Two years ago, when my pain started, my husband tried to have a heart-to-heart with me. I’m not very emotional and I pride myself on being tough. He told me that I will get through this, and not to give up. I looked at him in a way that asked, Why are you patronizing me? I told him in a stern and almost amused voice, “I’m fine. I’ll be fine.”

He told me, “I know you are now. And you will be for a while. This just started and at the start, you feel strong, unbeatable. But as time goes on, days will become weeks, weeks will become months, and you’ll still have this pain. Your pain won’t ever be what gets to you. It won’t break you or make you cry. When months go by it will be the mental exhaustion that will get to you, and when that happens, I’ll be here for you.”

I have broken down many times since then. To him, to myself, to Allah. I thought it was weak of me to show my weakness, but it always made me stronger, and made us stronger. Pride is a dangerous thing, and I have lots of it. This condition has broken that pride down and has been the most horrifically humbling experience, and continues to be.

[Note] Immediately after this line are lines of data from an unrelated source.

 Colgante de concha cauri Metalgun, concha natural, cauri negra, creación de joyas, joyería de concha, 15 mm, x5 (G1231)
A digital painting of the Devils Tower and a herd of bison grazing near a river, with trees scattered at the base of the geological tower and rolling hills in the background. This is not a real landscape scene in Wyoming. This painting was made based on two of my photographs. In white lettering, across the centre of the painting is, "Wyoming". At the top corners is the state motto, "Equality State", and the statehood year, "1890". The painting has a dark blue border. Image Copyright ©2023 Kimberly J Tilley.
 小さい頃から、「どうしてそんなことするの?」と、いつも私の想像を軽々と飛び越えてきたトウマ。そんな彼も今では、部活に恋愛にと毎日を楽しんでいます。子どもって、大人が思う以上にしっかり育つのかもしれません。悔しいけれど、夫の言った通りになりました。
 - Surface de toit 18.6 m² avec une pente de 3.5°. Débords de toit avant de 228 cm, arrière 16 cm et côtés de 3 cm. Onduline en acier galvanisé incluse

When my son asks me, “Mommy can we bake these cookies?,” because why not? I used to bake all the time. When I have to answer him, “No, baby, I can’t,” instead of just a stern, “No,” my pride chips away. When he asks me, “Mommy are you better now?” and I have to tell him, “Not yet, but soon Inshallah,” it chips away. When I have to be helped into bed, it chips away.

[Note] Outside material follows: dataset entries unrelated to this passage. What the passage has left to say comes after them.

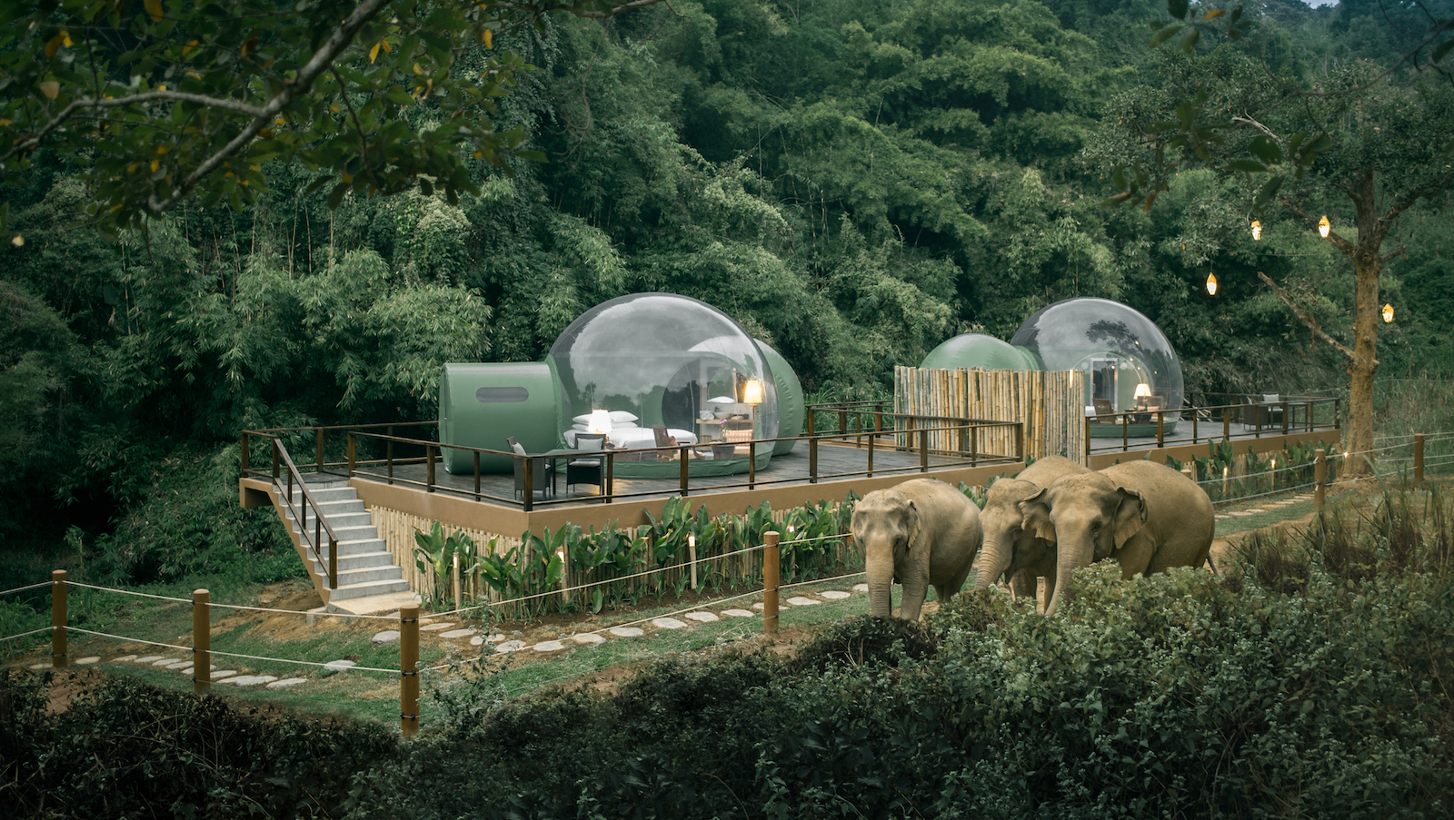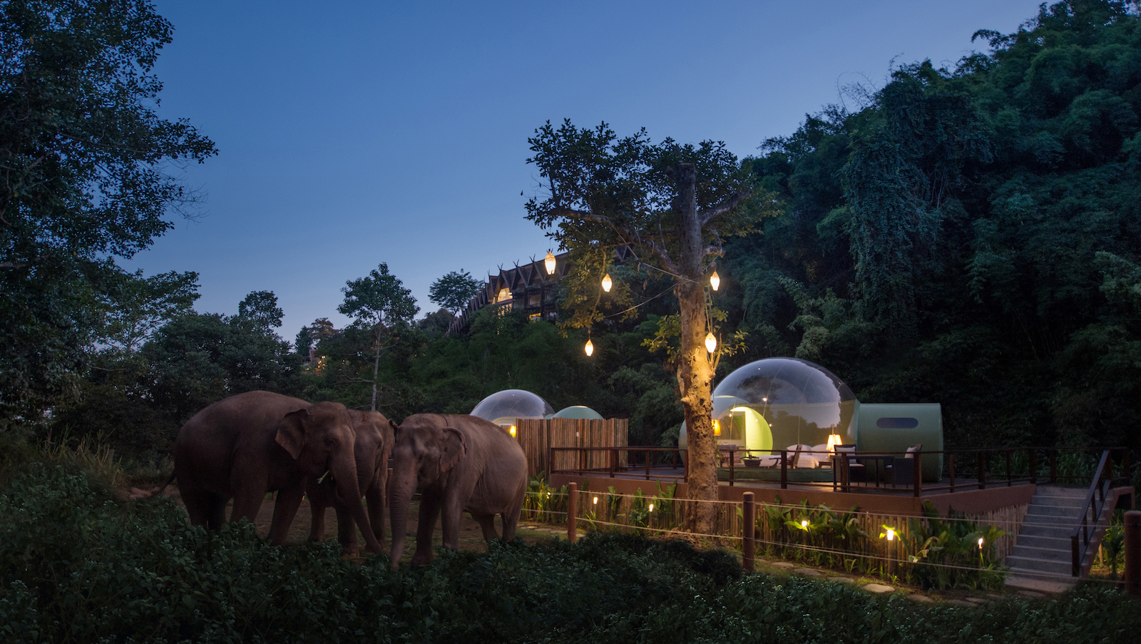 Отель Anantara Golden Triangle Elephant Camp & Resort в городе Чианграй в Таиланде предлагает путешественникам пожить в компании слонов. Курорт расположен недалеко от реки Меконг, посреди джунглей.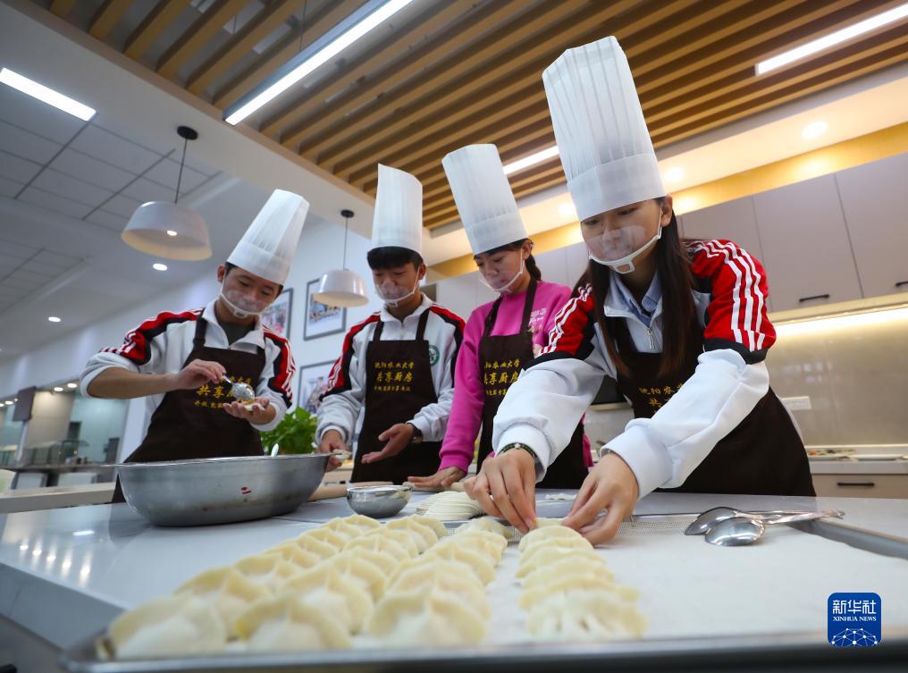 11月9日,在沈陽農(nóng)業(yè)大學一食堂,學生在共享廚房學習包餃子。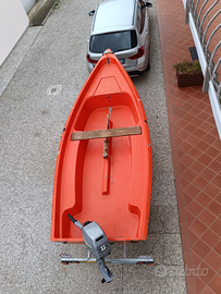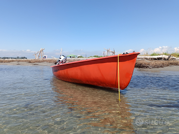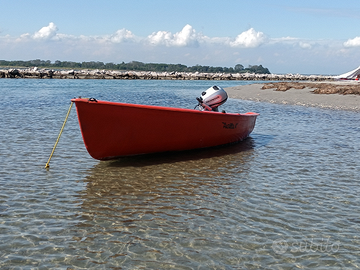 Barca favolosa, spazi ampi e ottima stabilità in soli 420 cm. Scafo autosvuotante con 2 ombrinali. Ideale per uscite in famiglia o con gli amici, per prendere il sole (incluse cuscinerie nuove in pelle), per pescare o semplicemente per passare dei momenti di relax in mare, al lago o in laguna... Ideale anche come barca da pesca grazie agli spazi ampi. Barca nata come deriva polivalente, si trasporta facilmente ed ovunque con la vostra auto, con il vostro camper o semplicemente a mano grazie al suo peso limitato di soli 90kg. Incluso albero e boma volendo trasformarla in deriva a vela. Lunghezza fuori tutto: 4,20 m Larghezza max. :  1,63 m Portata - equipaggio:  kg. 300 - 4/5 persone Inclusi salvagenti, parabordi, ancora e cime PUNTI DI FORZA - LEGGERISSIMA, si sposta da soli senza alcuna difficoltà - COMODA può essere usata al mare, in laguna, al lago o dove volete. Si mette in acqua senza difficoltà - VERSATILE può essere usata come barca a motore o a remi, ma avendo albero e boma in alluminio si può usare anche a vela... Ha un potenziale ampio prendisole a prua che diventa un letto per 2 persone con panche laterali. MOTORIZZABILE CON MOTORE ELETTRICO O ENDOTERMICO SE INTERESSATI: Motore Honda 6hp 4 tempi BF6AH (ANNO 2023) con pochissime ore, girante nuova, olio piede nuovo (+ 900 euro) SE INTERESSATI: CARRELLO Sacar 450 kg REVISIONATO fino al 2027 come nuovo con verricello manuale nuovo (+ 1.100 euro) Barca 1280 Euro Barca + motore 1980 Euro Barca + motore + carrello 2980 Euro

Mothers are generally hard on themselves when it comes to the well-being of their family, especially children. I live every day battling the feeling that I’m failing them because I can’t give them what a healthy, “normal” mother could; I can’t give them what I once could. Every day my pain reminds me of what I can’t do, and what I can’t do for them. “You’re a wonderful mom,” my husband reminds me. I need those reminders. After all, what is it to be a “good” mother, or a “good” anything? Is there a mold or an equation fabricated that prescribes the characteristics and actions of an individual to be considered “good”? Or is being a “good” anything really just demanding the best a person can do in any individual context? Even when the best isn’t enough, and there may be such cases, one can never be stripped of their effort and heart’s truest aspirations.